If we want to see whether a human level artificial intelligence can be controlled, we don’t need to go very far. Human brains have a couple of mechanisms and properties which prevent them from going haywire and divert into super-intelligence. But more interestingly, they possess passive and active mechanisms that prevent us from modifying, understanding and even being aware of large parts of our own function. These mechanisms can serve as an inspiration for AI development. For our purpose, the model I will describe here is simplified, generalised and computer language is used, but the principle should be accurate.
How the brain works
The core principle is that the brain has several layers with different functionalities, visibility and access rights. This allows, at the same time but for different functions, both strict control and freedom to improvise. The lower the level, the more important is its function and the less control we have over it. Following is the description of these layers with their specifics and design reasoning.
The drivers level
The lowest level takes care of life functions and automatic systems, such as temperature control. In the case of a computer, it would be the drivers. They are hardwired and out of our reach (some parts are even out of our brain). It would do no good to let people stop their heartbeat by thought.
The control level
In the middle is some number of layers (details are an open issue) that are responsible for what we do and how we decide. They come pre-programmed, and are tuned during life. By default, we are not aware of them, but they can be observed and indirectly controlled and adjusted. Most of the adjustments are done automatically though, by pre-programmed rules. They are usually called subconsciousness.
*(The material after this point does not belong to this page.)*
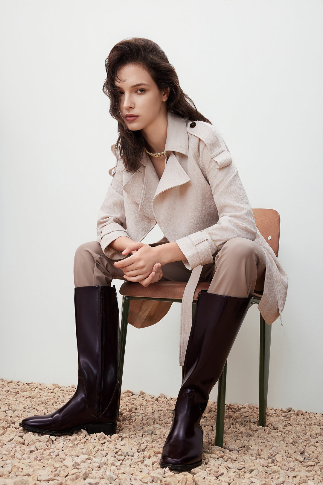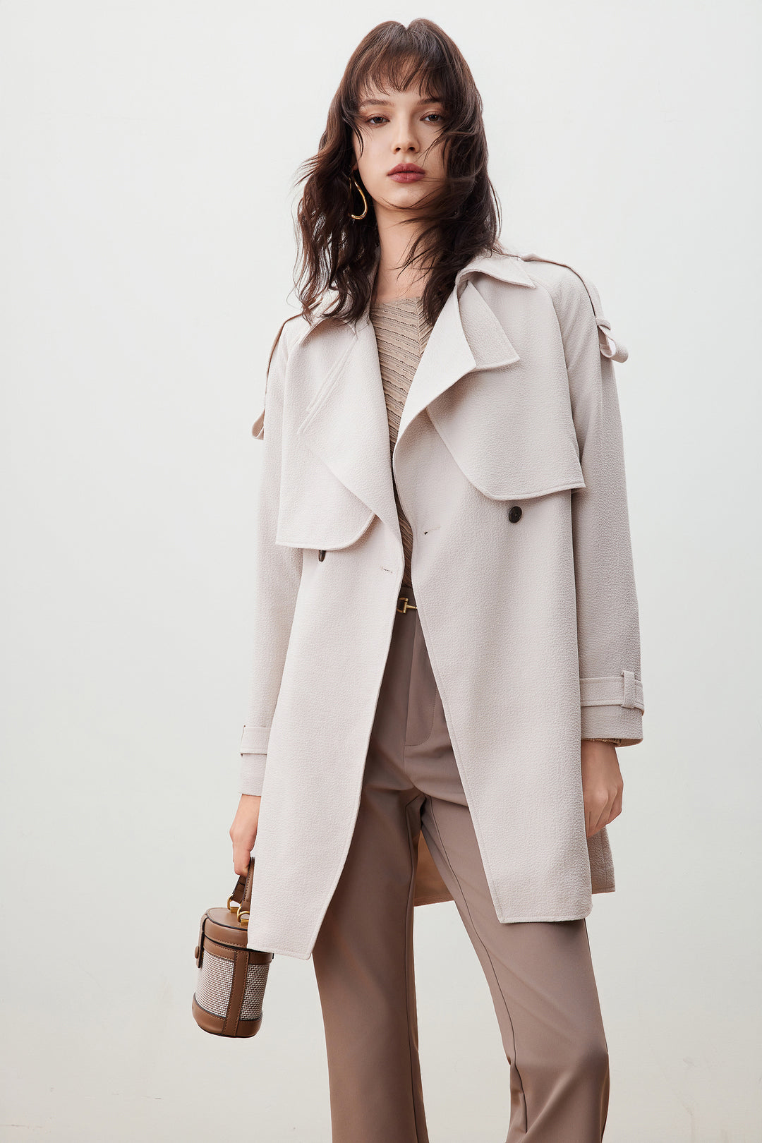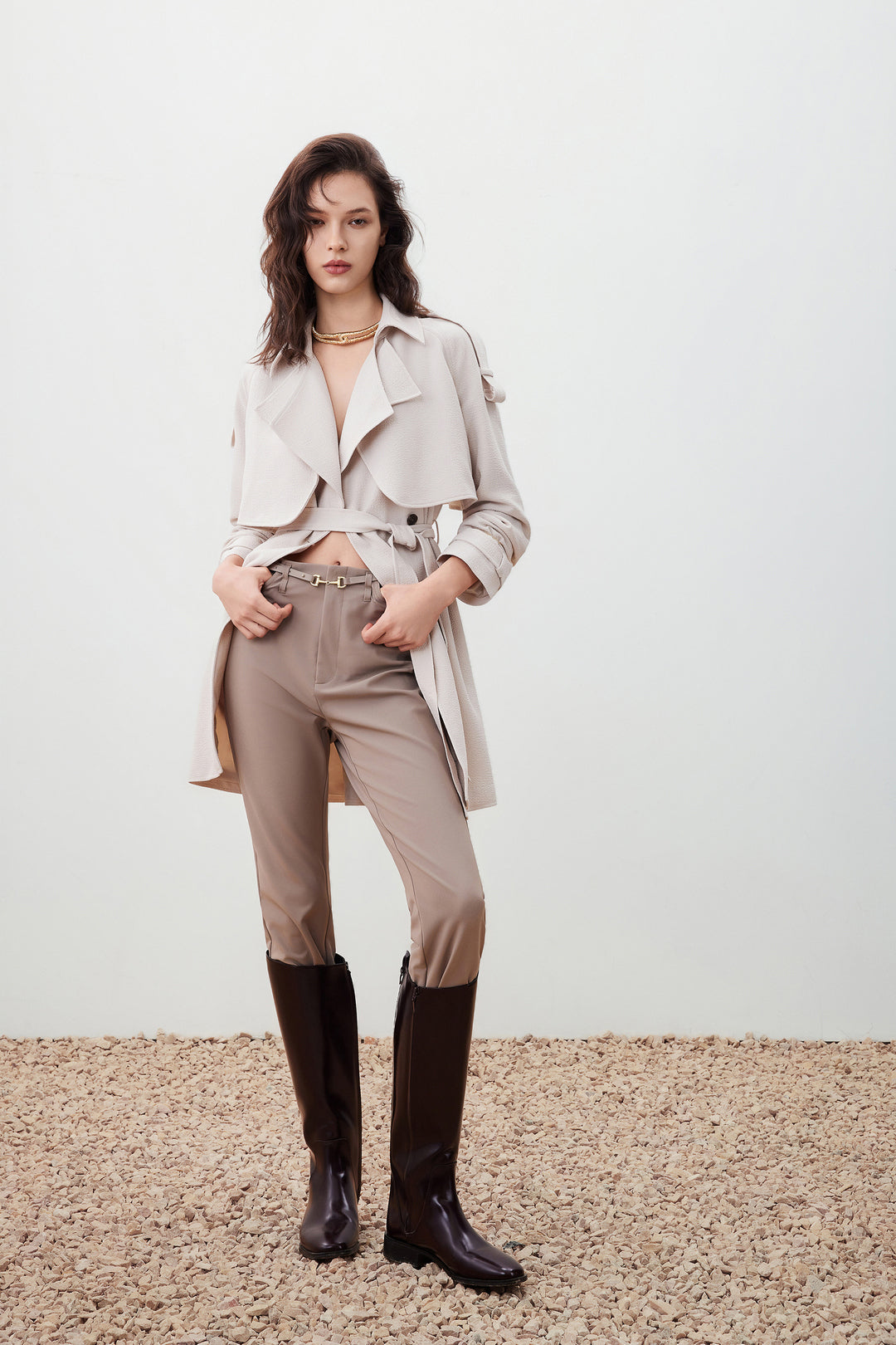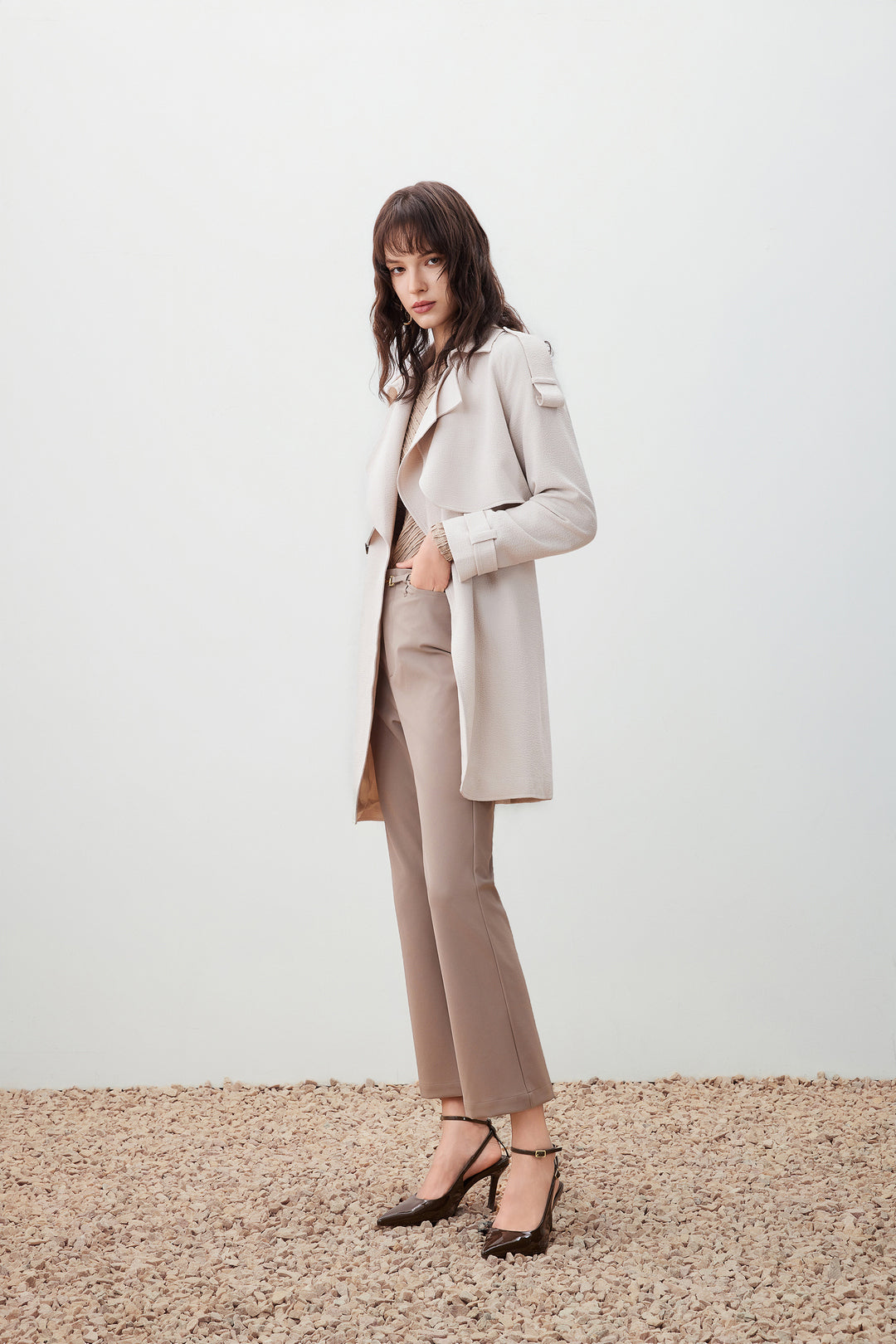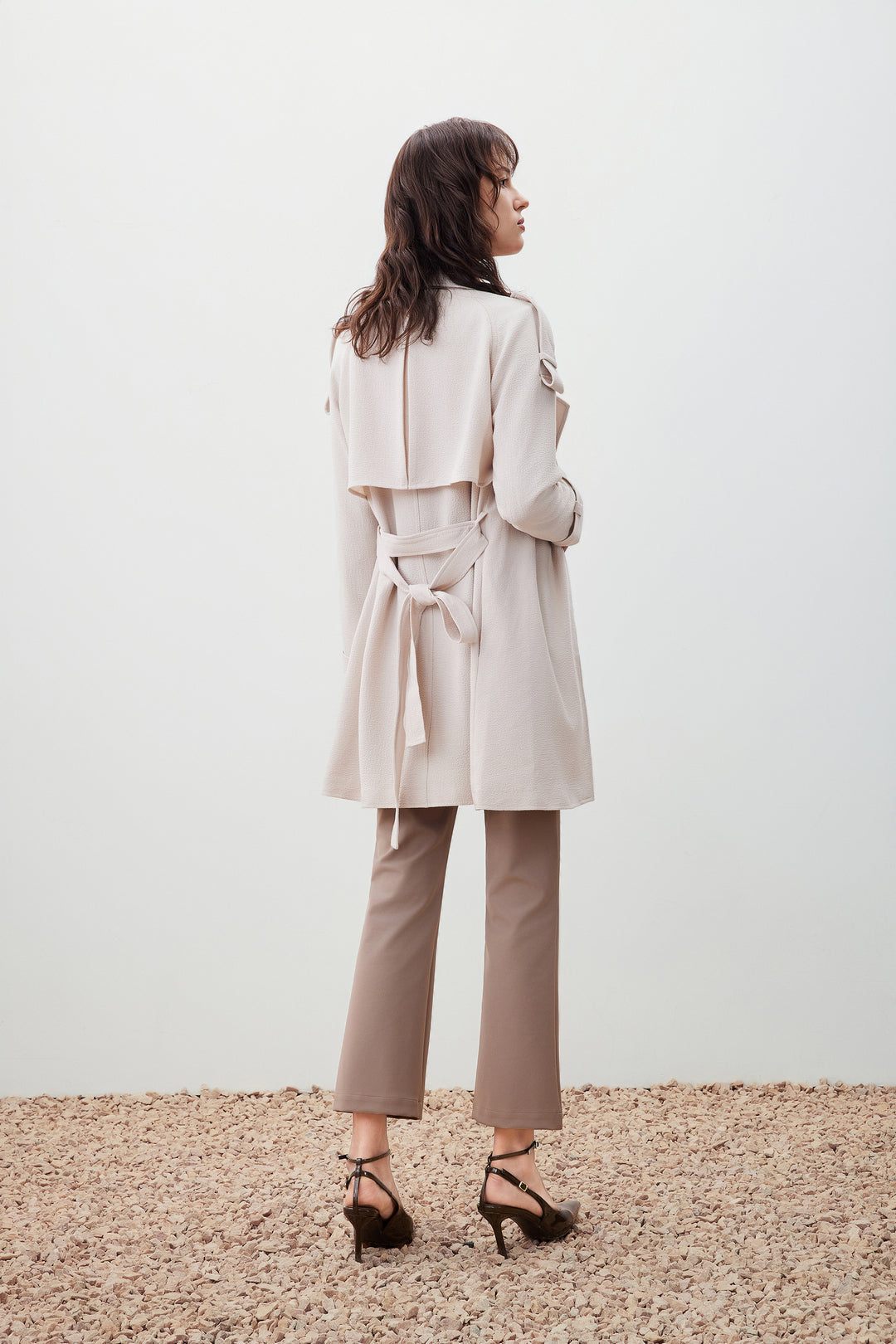 可機洗 | 附原身布腰帶 | 翻領 | 內裡構造: 全裡 | 長袖 | 側袋 | 開胸款式正面設計

As an example, take our general distaste in eating living larvae. Few people are aware that the reason is not that “they are disgusting,” but that it is because it is a congenital protection from potentially life threatening food. Our rationality and knowledge that the worms are actually healthy change very little. We can try to learn to like eating them, but we would have a very hard and unpleasant time at it. The situation is very different though when the pre-programmed mechanisms for safe-food recognition learning are employed. Have a small child observe its parents eat worms, and they will likely naturally like them too when they grow into an adult.
The “rational” level
The highest level are the rational thinking and conscious attention. Because this is the only part of the mind people are aware of most of the time, they think that it is what they are and where their decisions come from. But that is only an illusion. Estimates put some 90–95% of our decision making into the previous, subconscious layers. This illusion of having control over ourselves is one of the most powerful tools of the real control.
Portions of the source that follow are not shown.